We can look at Chris Brown as someone who flawlessly executed step one. After being caught for domestic assault, it looked as though his family-friendly image was shattered. A single two-minute televised apology was released, and all of the sudden he wasn’t the anger-ridden monster everyone condemned him to be. It also didn’t hurt that he mentioned his appreciation of his mother and other “spiritual teachers” as rocks in his life that he looks for in such dark times.

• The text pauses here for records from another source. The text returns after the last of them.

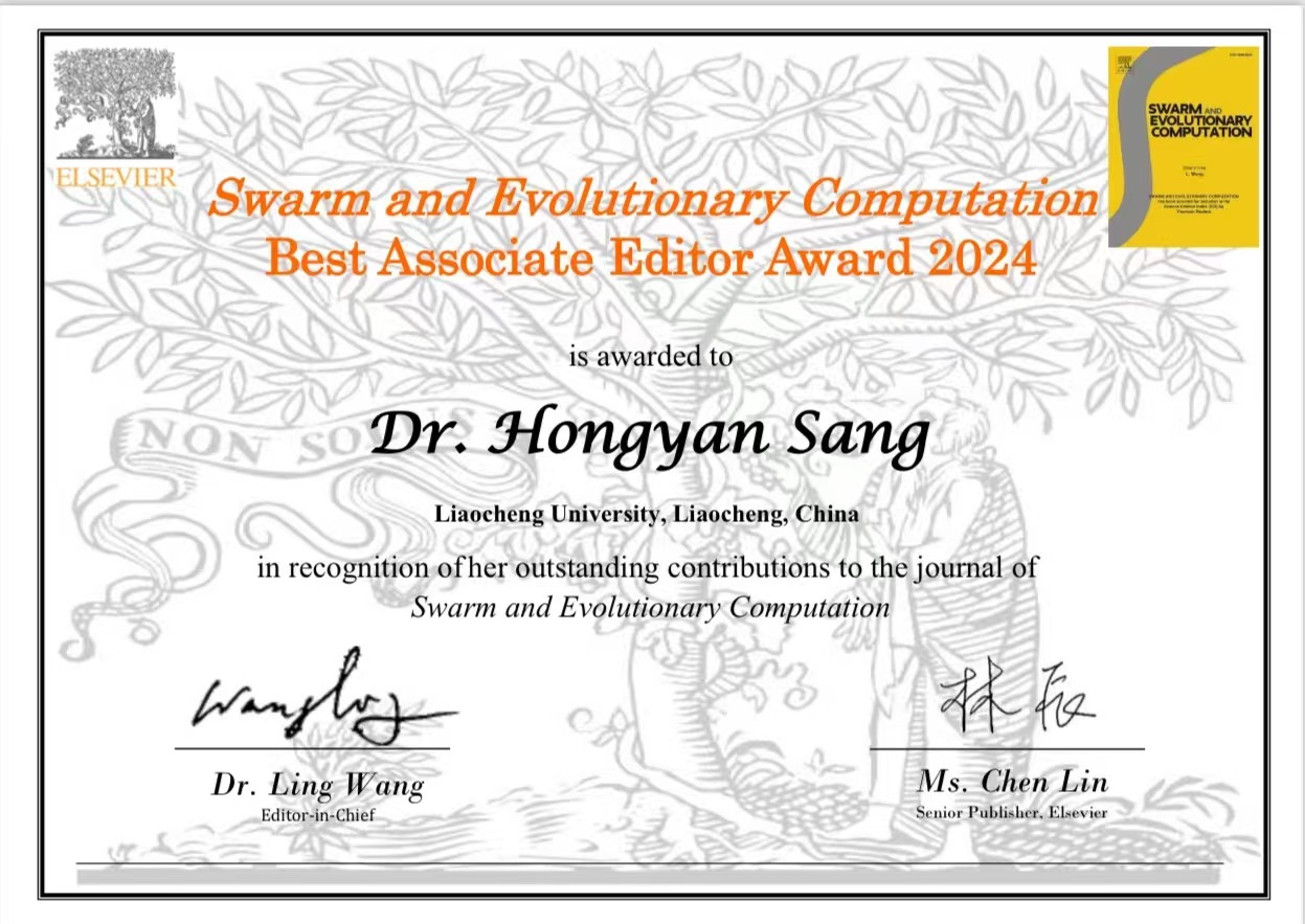 近日,我院桑红燕教授获中科院一区期刊《群体与进化计算》(《Swarm and Evolutionary Computation》,SWEVO)2024年度最佳副主编奖(Best Associate Editor Award) ,以表彰其对期刊发展做出的杰出学术与服务贡献。 据悉,爱思唯尔(Elsevier)出版社根据稿件处理数量、质量、效率等进行综合评价,从SWEVO期刊66名副主编中遴选5位授奖,这是该期刊首次评选此奖项。荣获此奖,不仅表明桑红燕教授在群体智能领域具有重要影响力,也有助于提升伟德源自英国始于1946在相关领域的影响力。 《群体与进化计算》(《Swarm and Evolutionary Computation》)是爱思唯尔(Elsevier)旗下期刊,是群体智能与进化计算领域的权威期刊,收录面向复杂系统的智能优化理论、方法及应用方向的相关研究成果。该期刊的最新SCI影响因子为8.2,中科院一区期刊,JCR分区Q1。
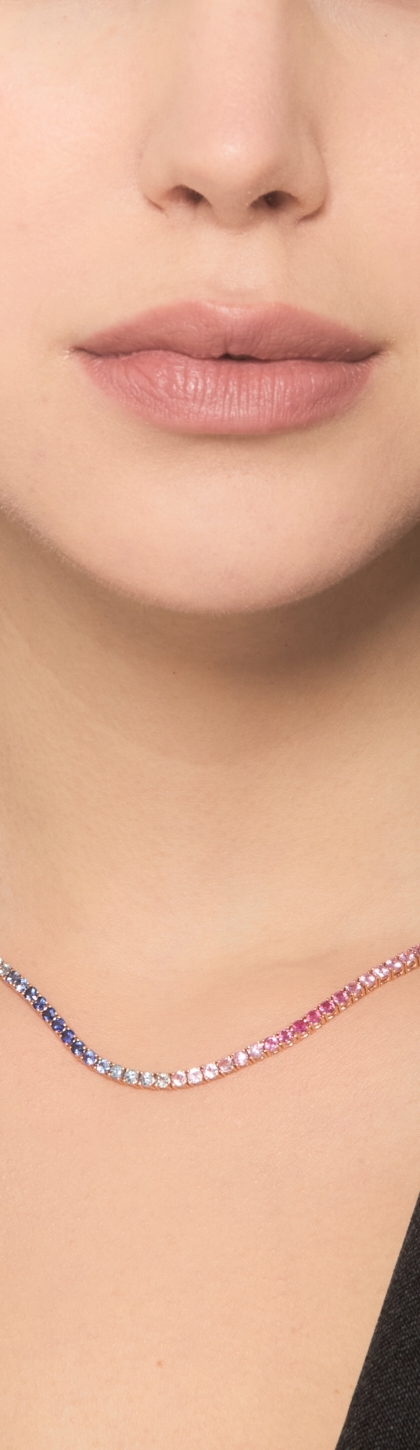 Rivière tennis en or rose 18k sertie de saphirs multicolor
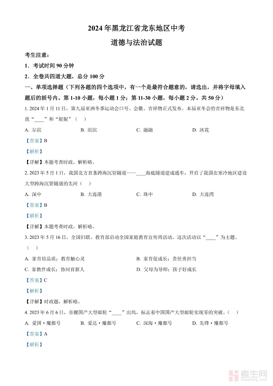 2024年黑龙江省龙东地区中考道德与法治试题(解析版)
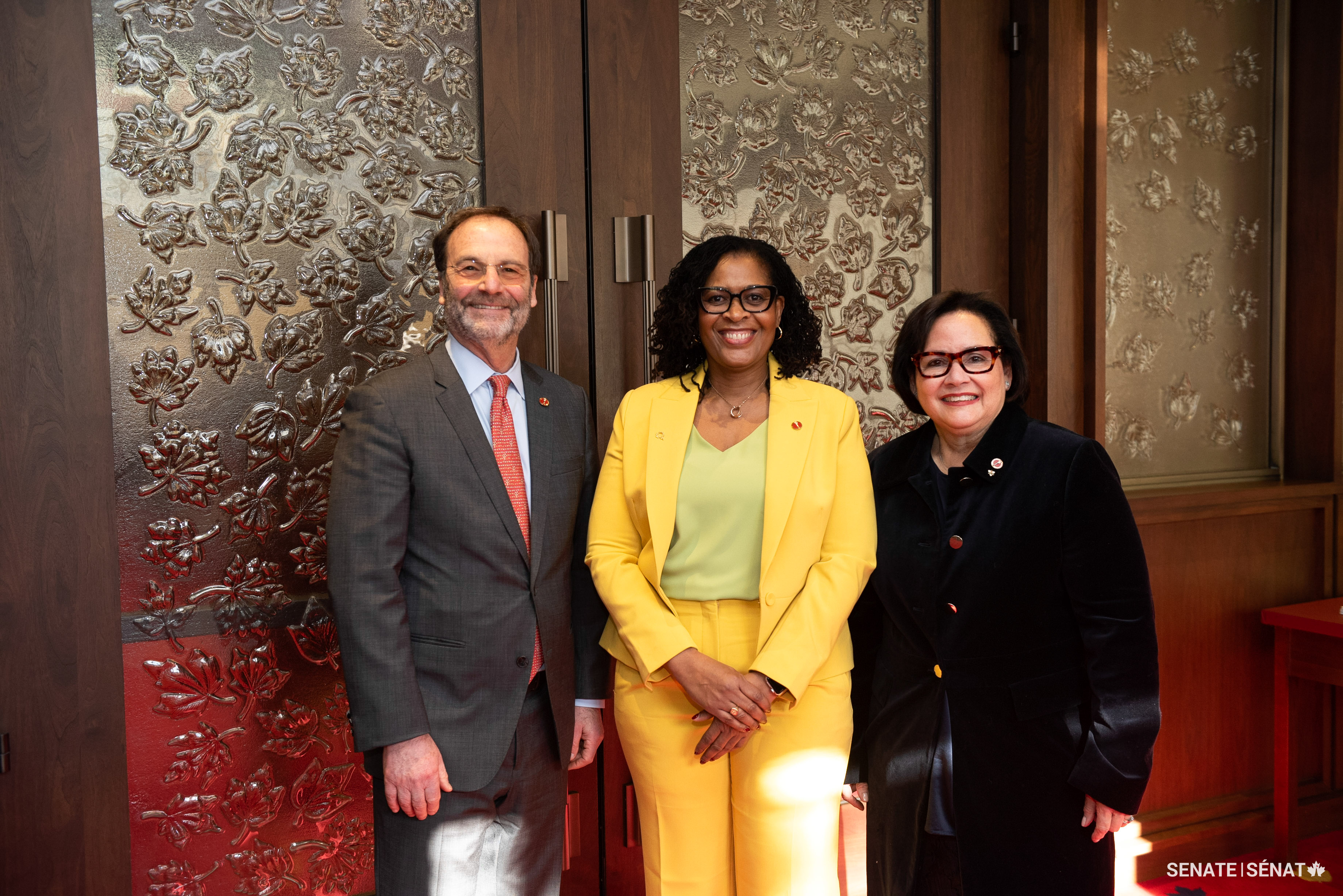 Senator Paulette Senior, centre, poses outside the Red Chamber with senators Marc Gold and Rosemary Moodie ahead of Senator Senior’s swearing-in ceremony on February 6, 2024.
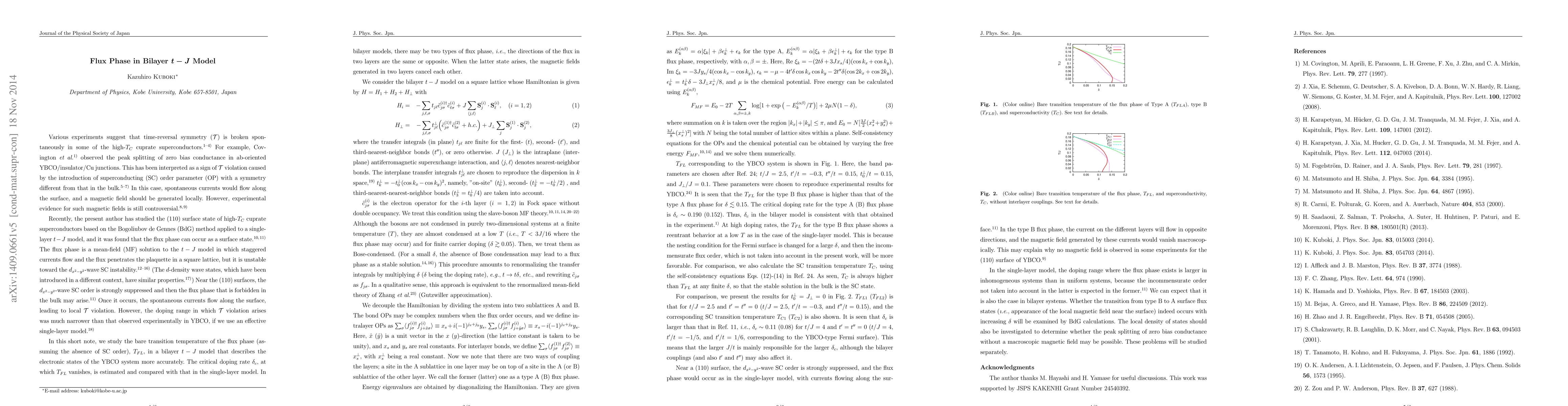 This work is novel because it investigates the flux phase in bilayer t-J models and its potential impact on superconductivity, providing new insights into the behavior of YBCO.
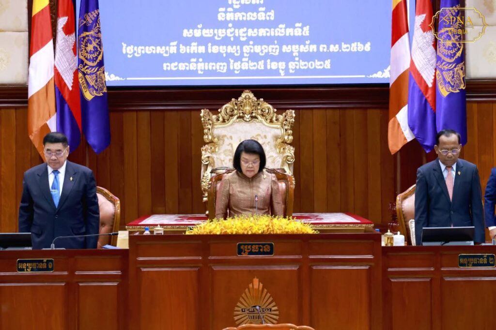 ភ្នំពេញ ៖ សម្តេចមហារដ្ឋសភាធិការធិបតី ឃួន សុដារី ប្រធានរដ្ឋសភានៃព្រះរាជាណាចក្រកម្ពុជា បានអញ្ជើញដឹកនាំកិច្ចប្រជុំរដ្ឋសភាលើកទី៥ នីតិកាលទី៧ នៅព្រឹកថ្ងៃព្រហស្បតិ៍ ទី២៥ ខែធ្នូ ឆ្នាំ២០២៥នេះ ដោយមានរបៀបវារៈចំនួន ៤ រួមមាន៖
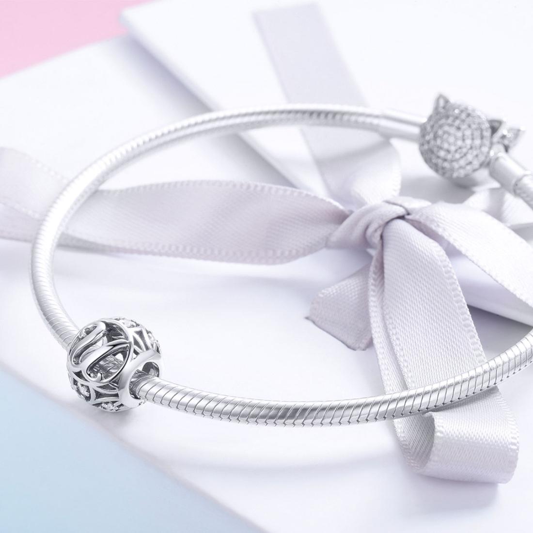 925 Sterling Silver Personalized Letter Beads For Diy Bracelets & Necklaces Style – U
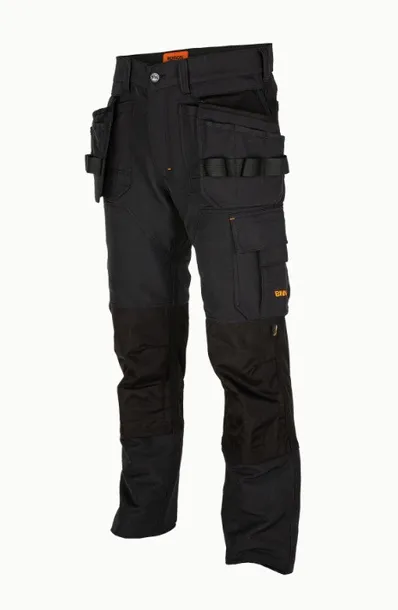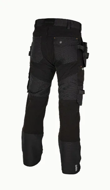 Funkcjonalne kieszenie z przodu, z tyłu oraz po bokach, wykonane z materiału rip-stop (Cordura). Odpinane dodatkowe kieszenie, pętle do zawieszania narzędzi, elementy odblaskowe, regulowana długość nogawki.

This brings us to step two: Revert to family values. Nothing is more appealing than someone who has their priorities straight. Somehow even if someone cheats on his wife with countless other mistresses (word up Tiger), when he says that he is taking time to fix things at the home, everyone will think he is back on track. When Jamie Lynn Spears announced to the world she was pregnant, parents flocked to block her Nickelodeon show from being shown to their children. But once the young Nick star and her mother said that they were going to raise the baby to give it a “normal” lifestyle, the heat left young Jamie and went back to where it belonged: pestering the elder Spears sister.
In order to secure your place back in the arms of the public there is just one more crucial phase, step three: Come back bigger than ever. You might be sobered up or just donated all of your income to the hottest charity organization, but if you star in a flop movie or your voice cracks on stage, you might as well have taken the Lohan path. Step three is the most crucial because the only way that the comeback is a success is if you stay back.
Mel Gibson is an example of someone who flopped on the last one. Four years ago when Gibson was hammered with a DUI and alleged anti-Semitic claims it looked like his movie career was over. Then he came out with Apocalypto, which got him a Golden Globe nomination.
Gibson got sloppy, so vile recordings left to his ex-girlfriend leaked to the media, causing more trouble for the wayward star. There are claims that he has mental disorders, and people doubt whether he will ever walk down the red carpet with dignity again.
With each relapse into the scandal-addicting lifestyle, it gets harder and harder to become acclaimed again, and the public eventually just loses hope. But celebrities should have faith that they will never be completely erased from the public’s memory. Even if they go in and out of rehab, nearly overdose and have their early morning faces plastered on every magazine, they can wait about five years and try the steps again.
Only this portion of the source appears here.